→ Given data
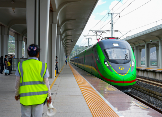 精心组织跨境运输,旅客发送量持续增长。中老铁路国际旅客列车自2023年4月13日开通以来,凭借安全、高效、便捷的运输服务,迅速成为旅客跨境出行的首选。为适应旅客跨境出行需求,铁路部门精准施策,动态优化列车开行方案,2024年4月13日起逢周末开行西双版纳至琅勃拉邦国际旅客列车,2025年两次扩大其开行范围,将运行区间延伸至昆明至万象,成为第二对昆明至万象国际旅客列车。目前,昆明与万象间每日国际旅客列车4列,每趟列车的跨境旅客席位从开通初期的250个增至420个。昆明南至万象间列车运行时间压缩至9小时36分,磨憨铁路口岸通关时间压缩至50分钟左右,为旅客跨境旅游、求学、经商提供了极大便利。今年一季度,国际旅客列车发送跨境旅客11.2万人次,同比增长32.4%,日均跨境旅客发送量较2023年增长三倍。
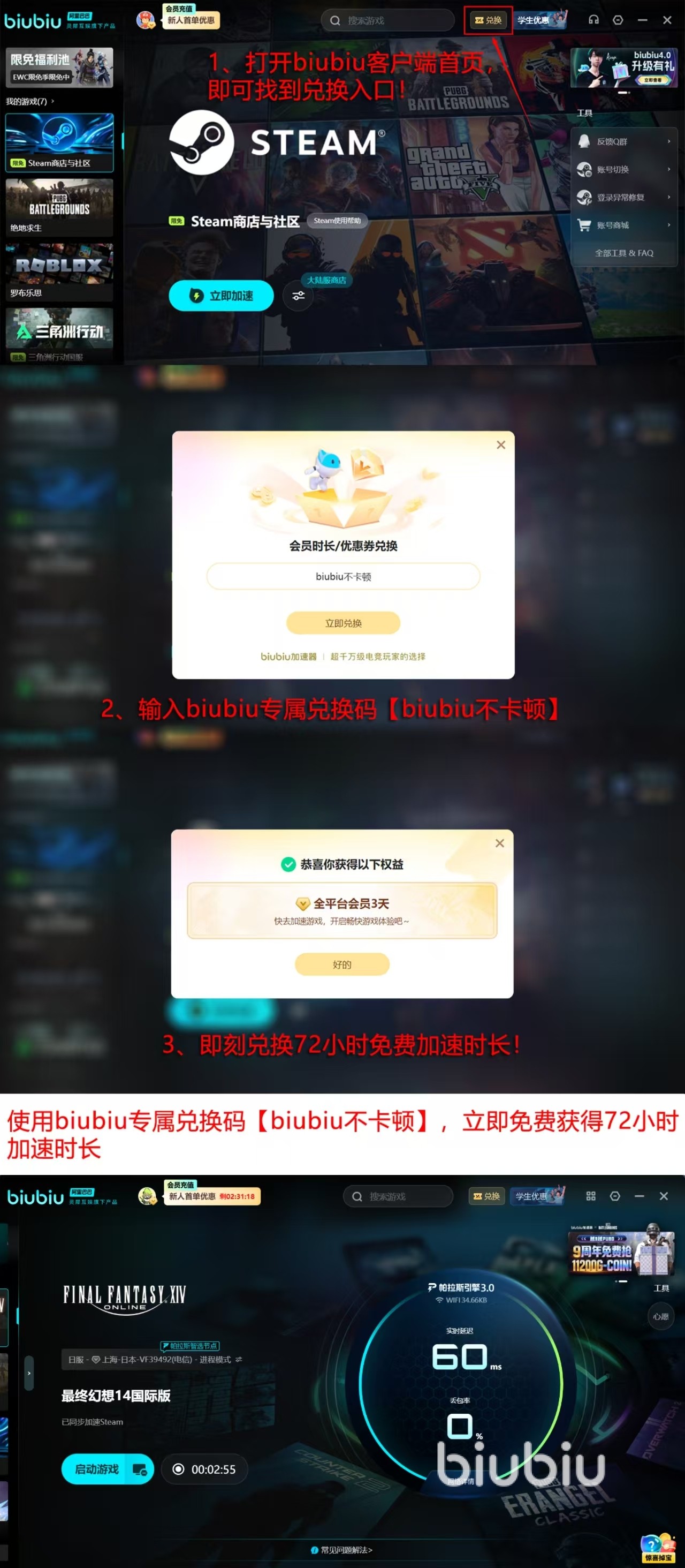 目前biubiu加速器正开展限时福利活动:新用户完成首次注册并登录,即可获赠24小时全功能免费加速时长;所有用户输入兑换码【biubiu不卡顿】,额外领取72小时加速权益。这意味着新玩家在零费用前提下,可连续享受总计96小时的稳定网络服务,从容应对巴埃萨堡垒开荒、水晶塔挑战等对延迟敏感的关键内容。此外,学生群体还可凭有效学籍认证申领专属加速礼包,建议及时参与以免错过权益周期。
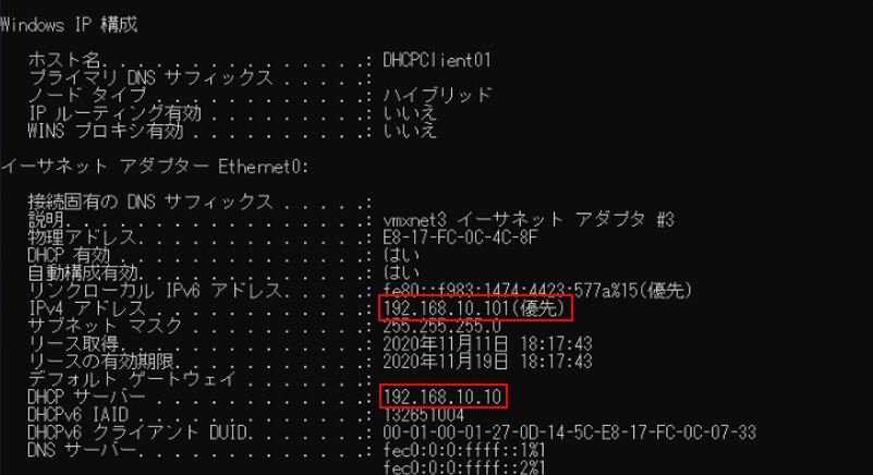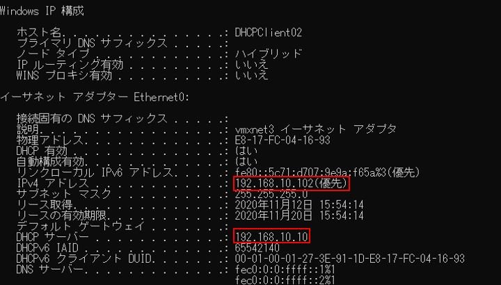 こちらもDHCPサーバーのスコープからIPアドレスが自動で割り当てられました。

→ Problem to solve
Instruction for this listing: copy it exactly, but leave the images behind.

→ Answer to this task
 精心组织跨境运输,旅客发送量持续增长。中老铁路国际旅客列车自2023年4月13日开通以来,凭借安全、高效、便捷的运输服务,迅速成为旅客跨境出行的首选。为适应旅客跨境出行需求,铁路部门精准施策,动态优化列车开行方案,2024年4月13日起逢周末开行西双版纳至琅勃拉邦国际旅客列车,2025年两次扩大其开行范围,将运行区间延伸至昆明至万象,成为第二对昆明至万象国际旅客列车。目前,昆明与万象间每日国际旅客列车4列,每趟列车的跨境旅客席位从开通初期的250个增至420个。昆明南至万象间列车运行时间压缩至9小时36分,磨憨铁路口岸通关时间压缩至50分钟左右,为旅客跨境旅游、求学、经商提供了极大便利。今年一季度,国际旅客列车发送跨境旅客11.2万人次,同比增长32.4%,日均跨境旅客发送量较2023年增长三倍。
 目前biubiu加速器正开展限时福利活动:新用户完成首次注册并登录,即可获赠24小时全功能免费加速时长;所有用户输入兑换码【biubiu不卡顿】,额外领取72小时加速权益。这意味着新玩家在零费用前提下,可连续享受总计96小时的稳定网络服务,从容应对巴埃萨堡垒开荒、水晶塔挑战等对延迟敏感的关键内容。此外,学生群体还可凭有效学籍认证申领专属加速礼包,建议及时参与以免错过权益周期。
 こちらもDHCPサーバーのスコープからIPアドレスが自動で割り当てられました。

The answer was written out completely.